**WHAT TO WORK ON:**
Wherever a picture appears in the listing below, leave it out and reproduce the rest exactly.

**INFORMATION PROVIDED:**
* * * * * * * * *

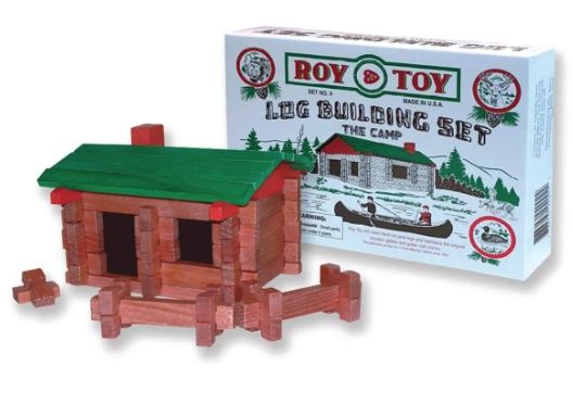 Just as fun as when introduced in the 1930s, original Roy Toy building sets and packaging remain the same as they were when your parents’ or grandparents’ were kids! When you lift the box top and smell the wonderful scent of all-natural pine wood, you’ll know this nostalgic set is still made with care by a family owned company, using all wood, dyed with a food-approved dye, and sanded to a smooth finish. The wooden toy building log set includes 37 pieces, with everything needed to build a nostalgic miniature log cabin. Building directions are included, and this solid wood set is packaged in a colorful, printed box. The best gift a parent or grandparent can give is time spent together, and this nostalgic toy kit has everything you’ll need to build lifetime memories with someone you love. Roy Toy Log Building Sets are interchangeable, so The Camp is a great addition to The Farm (sold separately). Ages 3 and up. SMALL PARTS. Not for
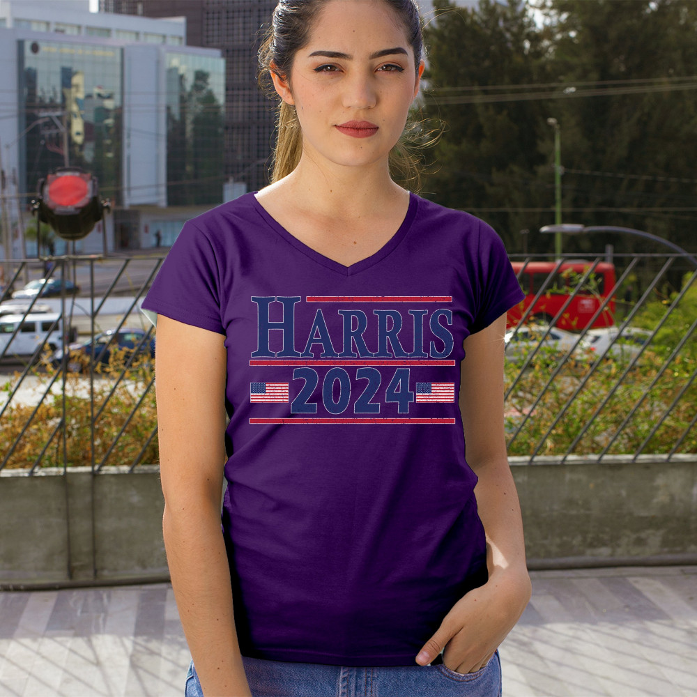 Show your support for Kamala Harris with this bold "Harris 2024" t-shirt, featuring American flags. Perfect for rallies and events. Join the movement today!
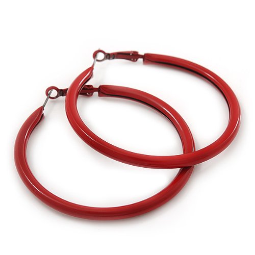 Avalaya Orecchini a cerchio smaltati rossi, 60 mm, Misura unica, smalto
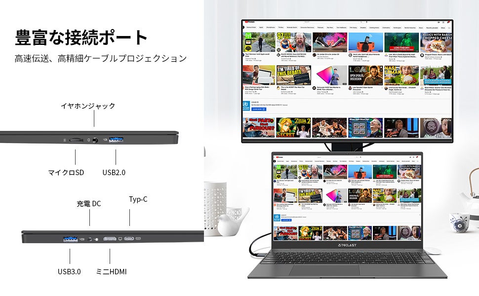 【豊富な接続端子とワイヤレス通信】F15 Plus 2 PCには、デュアルバンドWiFiとBluetooth 4.2、WEBカメラ、Type-Cポート、およびHDビデオ出力用のMini-HDMIポートが装備されています、3.5mmオーディオ出力、Micro SD スロット、3.5mm DCポート、1つの標準USB 3.0ポートとUSB 2.0ポート。802.11 acデュアルバンドWi-Fiは、高速ワイヤレスネットワークエクスペリエンスを提供し、低消費電力のBluetooth4.2はより多くの周辺機器に接続します。

* * * * * * * * *

**SOLUTION TO THIS EXERCISE:**
 Just as fun as when introduced in the 1930s, original Roy Toy building sets and packaging remain the same as they were when your parents’ or grandparents’ were kids! When you lift the box top and smell the wonderful scent of all-natural pine wood, you’ll know this nostalgic set is still made with care by a family owned company, using all wood, dyed with a food-approved dye, and sanded to a smooth finish. The wooden toy building log set includes 37 pieces, with everything needed to build a nostalgic miniature log cabin. Building directions are included, and this solid wood set is packaged in a colorful, printed box. The best gift a parent or grandparent can give is time spent together, and this nostalgic toy kit has everything you’ll need to build lifetime memories with someone you love. Roy Toy Log Building Sets are interchangeable, so The Camp is a great addition to The Farm (sold separately). Ages 3 and up. SMALL PARTS. Not for
 Show your support for Kamala Harris with this bold "Harris 2024" t-shirt, featuring American flags. Perfect for rallies and events. Join the movement today!
 Avalaya Orecchini a cerchio smaltati rossi, 60 mm, Misura unica, smalto
 【豊富な接続端子とワイヤレス通信】F15 Plus 2 PCには、デュアルバンドWiFiとBluetooth 4.2、WEBカメラ、Type-Cポート、およびHDビデオ出力用のMini-HDMIポートが装備されています、3.5mmオーディオ出力、Micro SD スロット、3.5mm DCポート、1つの標準USB 3.0ポートとUSB 2.0ポート。802.11 acデュアルバンドWi-Fiは、高速ワイヤレスネットワークエクスペリエンスを提供し、低消費電力のBluetooth4.2はより多くの周辺機器に接続します。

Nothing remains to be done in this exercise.